> _ACTION ITEM_:
Write out the records word for word.

*** Opening THE RECORDS ***

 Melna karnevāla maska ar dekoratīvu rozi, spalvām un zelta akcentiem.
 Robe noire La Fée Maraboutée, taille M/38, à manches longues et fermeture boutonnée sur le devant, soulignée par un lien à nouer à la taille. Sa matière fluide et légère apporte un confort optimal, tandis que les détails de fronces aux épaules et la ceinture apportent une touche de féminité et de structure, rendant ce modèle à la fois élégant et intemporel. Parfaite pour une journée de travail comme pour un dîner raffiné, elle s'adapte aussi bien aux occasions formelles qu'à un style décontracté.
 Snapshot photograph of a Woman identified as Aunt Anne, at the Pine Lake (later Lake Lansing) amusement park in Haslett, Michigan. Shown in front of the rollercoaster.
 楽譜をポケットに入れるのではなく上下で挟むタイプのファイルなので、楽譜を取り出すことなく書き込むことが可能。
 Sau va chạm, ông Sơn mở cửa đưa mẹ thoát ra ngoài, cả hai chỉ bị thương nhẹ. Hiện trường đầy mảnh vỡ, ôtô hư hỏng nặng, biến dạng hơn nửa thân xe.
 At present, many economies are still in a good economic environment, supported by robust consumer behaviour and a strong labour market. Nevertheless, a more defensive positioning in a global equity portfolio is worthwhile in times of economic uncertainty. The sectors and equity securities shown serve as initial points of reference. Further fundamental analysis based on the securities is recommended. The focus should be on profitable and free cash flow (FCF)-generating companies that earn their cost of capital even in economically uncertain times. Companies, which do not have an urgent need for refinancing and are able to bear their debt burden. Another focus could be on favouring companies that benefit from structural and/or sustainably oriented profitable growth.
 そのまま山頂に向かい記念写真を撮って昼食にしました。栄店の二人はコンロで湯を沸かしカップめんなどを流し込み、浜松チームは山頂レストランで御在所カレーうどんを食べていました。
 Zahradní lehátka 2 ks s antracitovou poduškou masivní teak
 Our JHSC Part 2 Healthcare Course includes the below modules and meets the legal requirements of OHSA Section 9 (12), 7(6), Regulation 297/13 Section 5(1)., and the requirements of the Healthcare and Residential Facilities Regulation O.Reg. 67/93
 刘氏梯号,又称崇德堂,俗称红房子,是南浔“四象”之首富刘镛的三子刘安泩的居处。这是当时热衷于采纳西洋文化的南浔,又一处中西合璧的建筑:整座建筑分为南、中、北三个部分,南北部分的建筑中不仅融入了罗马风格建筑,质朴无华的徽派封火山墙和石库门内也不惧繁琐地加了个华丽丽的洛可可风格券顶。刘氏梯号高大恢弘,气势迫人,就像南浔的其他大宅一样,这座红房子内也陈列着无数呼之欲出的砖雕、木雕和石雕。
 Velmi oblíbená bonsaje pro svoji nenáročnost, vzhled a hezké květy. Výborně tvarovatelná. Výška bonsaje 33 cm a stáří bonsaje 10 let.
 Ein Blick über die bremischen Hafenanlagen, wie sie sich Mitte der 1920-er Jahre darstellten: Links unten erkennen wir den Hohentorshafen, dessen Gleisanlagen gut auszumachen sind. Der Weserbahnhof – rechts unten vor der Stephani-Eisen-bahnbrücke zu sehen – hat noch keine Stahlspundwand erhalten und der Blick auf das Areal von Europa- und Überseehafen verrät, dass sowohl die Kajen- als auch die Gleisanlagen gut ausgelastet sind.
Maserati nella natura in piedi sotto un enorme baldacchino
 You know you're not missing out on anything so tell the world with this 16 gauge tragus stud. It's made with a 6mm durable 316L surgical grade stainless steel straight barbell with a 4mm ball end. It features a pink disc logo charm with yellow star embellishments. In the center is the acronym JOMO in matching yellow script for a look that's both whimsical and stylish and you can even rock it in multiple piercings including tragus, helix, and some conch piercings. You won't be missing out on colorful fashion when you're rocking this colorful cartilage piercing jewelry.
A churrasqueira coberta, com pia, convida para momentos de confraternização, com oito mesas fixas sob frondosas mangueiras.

*** Closing THE RECORDS ***

> _RESULT_:
 Melna karnevāla maska ar dekoratīvu rozi, spalvām un zelta akcentiem.
 Robe noire La Fée Maraboutée, taille M/38, à manches longues et fermeture boutonnée sur le devant, soulignée par un lien à nouer à la taille. Sa matière fluide et légère apporte un confort optimal, tandis que les détails de fronces aux épaules et la ceinture apportent une touche de féminité et de structure, rendant ce modèle à la fois élégant et intemporel. Parfaite pour une journée de travail comme pour un dîner raffiné, elle s'adapte aussi bien aux occasions formelles qu'à un style décontracté.
 Snapshot photograph of a Woman identified as Aunt Anne, at the Pine Lake (later Lake Lansing) amusement park in Haslett, Michigan. Shown in front of the rollercoaster.
 楽譜をポケットに入れるのではなく上下で挟むタイプのファイルなので、楽譜を取り出すことなく書き込むことが可能。
 Sau va chạm, ông Sơn mở cửa đưa mẹ thoát ra ngoài, cả hai chỉ bị thương nhẹ. Hiện trường đầy mảnh vỡ, ôtô hư hỏng nặng, biến dạng hơn nửa thân xe.
 At present, many economies are still in a good economic environment, supported by robust consumer behaviour and a strong labour market. Nevertheless, a more defensive positioning in a global equity portfolio is worthwhile in times of economic uncertainty. The sectors and equity securities shown serve as initial points of reference. Further fundamental analysis based on the securities is recommended. The focus should be on profitable and free cash flow (FCF)-generating companies that earn their cost of capital even in economically uncertain times. Companies, which do not have an urgent need for refinancing and are able to bear their debt burden. Another focus could be on favouring companies that benefit from structural and/or sustainably oriented profitable growth.
 そのまま山頂に向かい記念写真を撮って昼食にしました。栄店の二人はコンロで湯を沸かしカップめんなどを流し込み、浜松チームは山頂レストランで御在所カレーうどんを食べていました。
 Zahradní lehátka 2 ks s antracitovou poduškou masivní teak
 Our JHSC Part 2 Healthcare Course includes the below modules and meets the legal requirements of OHSA Section 9 (12), 7(6), Regulation 297/13 Section 5(1)., and the requirements of the Healthcare and Residential Facilities Regulation O.Reg. 67/93
 刘氏梯号,又称崇德堂,俗称红房子,是南浔“四象”之首富刘镛的三子刘安泩的居处。这是当时热衷于采纳西洋文化的南浔,又一处中西合璧的建筑:整座建筑分为南、中、北三个部分,南北部分的建筑中不仅融入了罗马风格建筑,质朴无华的徽派封火山墙和石库门内也不惧繁琐地加了个华丽丽的洛可可风格券顶。刘氏梯号高大恢弘,气势迫人,就像南浔的其他大宅一样,这座红房子内也陈列着无数呼之欲出的砖雕、木雕和石雕。
 Velmi oblíbená bonsaje pro svoji nenáročnost, vzhled a hezké květy. Výborně tvarovatelná. Výška bonsaje 33 cm a stáří bonsaje 10 let.
 Ein Blick über die bremischen Hafenanlagen, wie sie sich Mitte der 1920-er Jahre darstellten: Links unten erkennen wir den Hohentorshafen, dessen Gleisanlagen gut auszumachen sind. Der Weserbahnhof – rechts unten vor der Stephani-Eisen-bahnbrücke zu sehen – hat noch keine Stahlspundwand erhalten und der Blick auf das Areal von Europa- und Überseehafen verrät, dass sowohl die Kajen- als auch die Gleisanlagen gut ausgelastet sind.
Maserati nella natura in piedi sotto un enorme baldacchino
 You know you're not missing out on anything so tell the world with this 16 gauge tragus stud. It's made with a 6mm durable 316L surgical grade stainless steel straight barbell with a 4mm ball end. It features a pink disc logo charm with yellow star embellishments. In the center is the acronym JOMO in matching yellow script for a look that's both whimsical and stylish and you can even rock it in multiple piercings including tragus, helix, and some conch piercings. You won't be missing out on colorful fashion when you're rocking this colorful cartilage piercing jewelry.
A churrasqueira coberta, com pia, convida para momentos de confraternização, com oito mesas fixas sob frondosas mangueiras.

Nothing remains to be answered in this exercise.